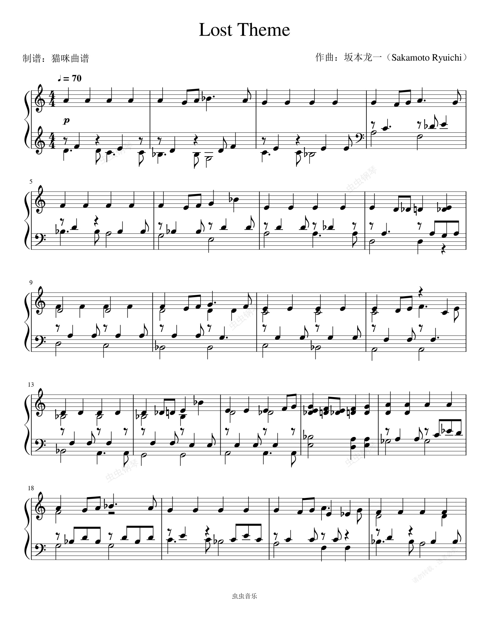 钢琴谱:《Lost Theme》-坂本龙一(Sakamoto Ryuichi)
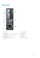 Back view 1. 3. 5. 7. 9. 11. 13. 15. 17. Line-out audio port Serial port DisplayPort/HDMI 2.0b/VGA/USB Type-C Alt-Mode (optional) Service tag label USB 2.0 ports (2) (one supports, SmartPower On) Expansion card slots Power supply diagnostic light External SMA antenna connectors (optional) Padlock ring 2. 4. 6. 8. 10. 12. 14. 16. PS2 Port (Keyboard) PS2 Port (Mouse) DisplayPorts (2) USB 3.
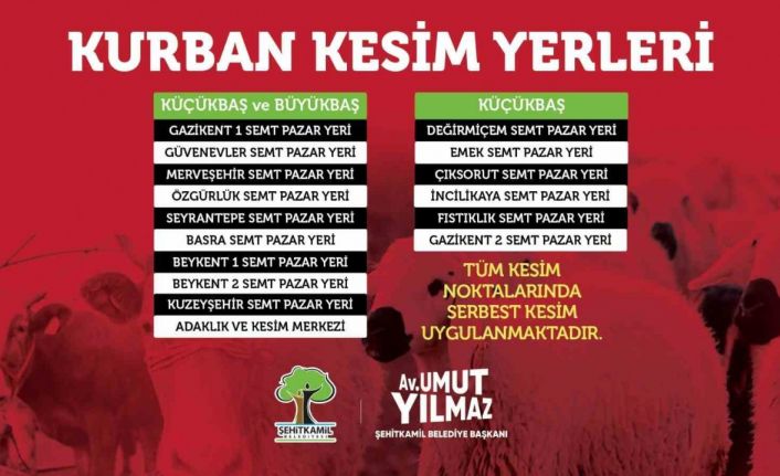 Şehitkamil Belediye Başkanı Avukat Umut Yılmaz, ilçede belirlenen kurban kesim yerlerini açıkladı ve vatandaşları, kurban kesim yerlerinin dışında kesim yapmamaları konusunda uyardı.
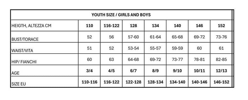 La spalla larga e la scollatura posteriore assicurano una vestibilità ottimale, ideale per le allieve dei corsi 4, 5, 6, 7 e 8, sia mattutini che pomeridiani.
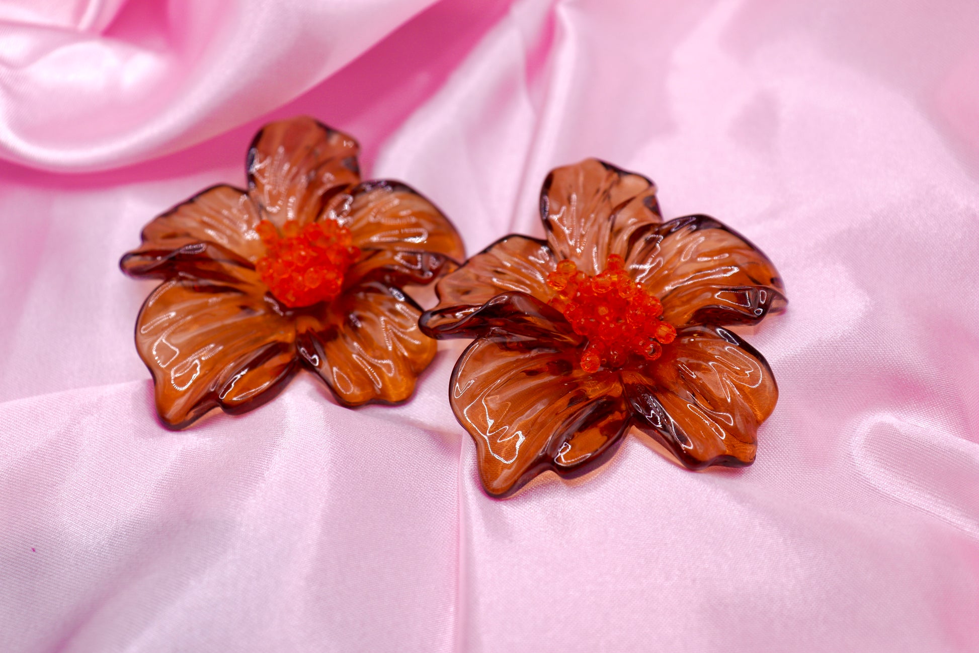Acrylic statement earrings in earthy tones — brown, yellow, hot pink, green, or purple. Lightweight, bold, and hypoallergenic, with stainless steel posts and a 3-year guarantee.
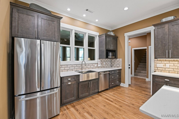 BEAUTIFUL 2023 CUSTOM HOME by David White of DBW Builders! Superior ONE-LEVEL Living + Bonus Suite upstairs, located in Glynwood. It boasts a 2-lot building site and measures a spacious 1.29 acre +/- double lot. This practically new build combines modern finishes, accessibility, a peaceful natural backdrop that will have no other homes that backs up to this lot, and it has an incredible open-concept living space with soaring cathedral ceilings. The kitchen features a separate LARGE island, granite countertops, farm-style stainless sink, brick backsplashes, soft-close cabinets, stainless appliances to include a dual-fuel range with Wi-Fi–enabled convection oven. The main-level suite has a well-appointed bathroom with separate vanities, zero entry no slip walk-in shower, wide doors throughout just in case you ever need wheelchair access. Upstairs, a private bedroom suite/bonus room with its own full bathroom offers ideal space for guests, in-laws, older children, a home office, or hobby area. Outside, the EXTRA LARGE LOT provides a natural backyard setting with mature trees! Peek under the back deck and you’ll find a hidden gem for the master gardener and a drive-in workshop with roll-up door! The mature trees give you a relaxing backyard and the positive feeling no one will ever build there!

> _Task instructions_: Although pictures appear among the records above, none are to be output; print exactly the lines from the line containing "La spalla larga" through the line containing "Acrylic statement earrings".

> _Expected output_:
 La spalla larga e la scollatura posteriore assicurano una vestibilità ottimale, ideale per le allieve dei corsi 4, 5, 6, 7 e 8, sia mattutini che pomeridiani.
Acrylic statement earrings in earthy tones — brown, yellow, hot pink, green, or purple. Lightweight, bold, and hypoallergenic, with stainless steel posts and a 3-year guarantee.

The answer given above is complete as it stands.